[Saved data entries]
== Segment start ==

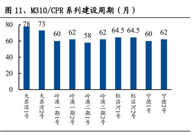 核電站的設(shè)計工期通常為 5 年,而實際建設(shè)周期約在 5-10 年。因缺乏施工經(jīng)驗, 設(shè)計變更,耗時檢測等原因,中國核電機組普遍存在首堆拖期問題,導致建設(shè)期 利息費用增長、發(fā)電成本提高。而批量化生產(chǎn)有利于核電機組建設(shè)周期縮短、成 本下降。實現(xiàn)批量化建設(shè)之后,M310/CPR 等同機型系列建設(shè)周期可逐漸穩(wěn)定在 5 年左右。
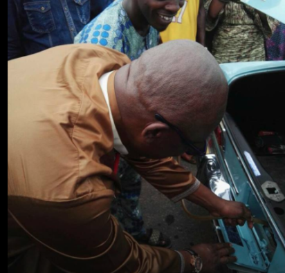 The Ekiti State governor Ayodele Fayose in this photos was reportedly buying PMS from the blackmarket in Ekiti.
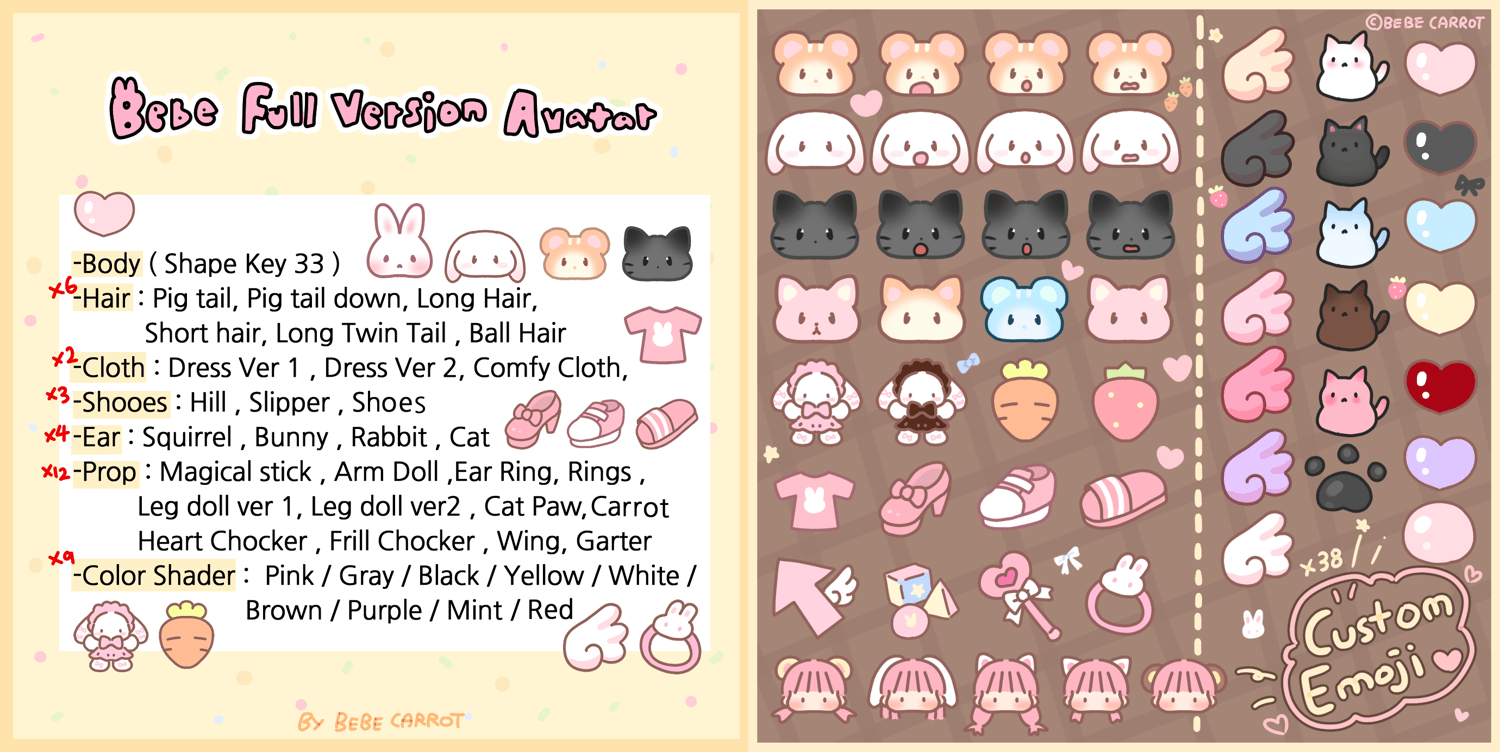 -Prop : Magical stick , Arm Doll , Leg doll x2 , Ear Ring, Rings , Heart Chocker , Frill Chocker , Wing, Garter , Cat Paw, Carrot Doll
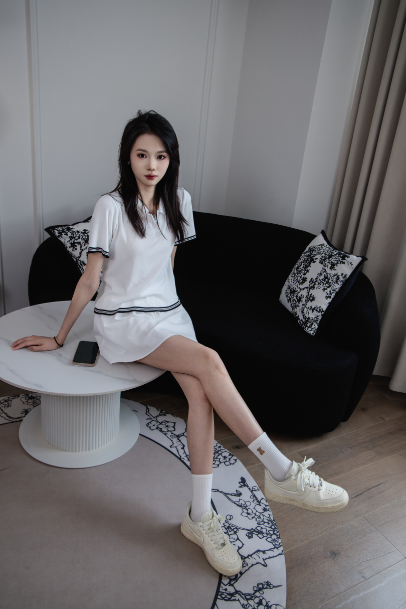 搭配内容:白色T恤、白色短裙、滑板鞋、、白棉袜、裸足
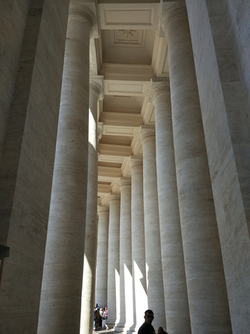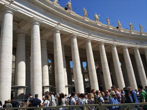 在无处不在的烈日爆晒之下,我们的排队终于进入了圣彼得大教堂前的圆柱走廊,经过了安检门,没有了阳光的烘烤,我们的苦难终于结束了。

== Segment end ==

§ **Assigned task**: Restate word for word the lines from the one holding "搭配内容:白色T恤、白色短裙、滑板鞋、、白棉袜、裸足" down through the last line of the records above, and do not include the pictures.

§ **Task result**:
 搭配内容:白色T恤、白色短裙、滑板鞋、、白棉袜、裸足
 在无处不在的烈日爆晒之下,我们的排队终于进入了圣彼得大教堂前的圆柱走廊,经过了安检门,没有了阳光的烘烤,我们的苦难终于结束了。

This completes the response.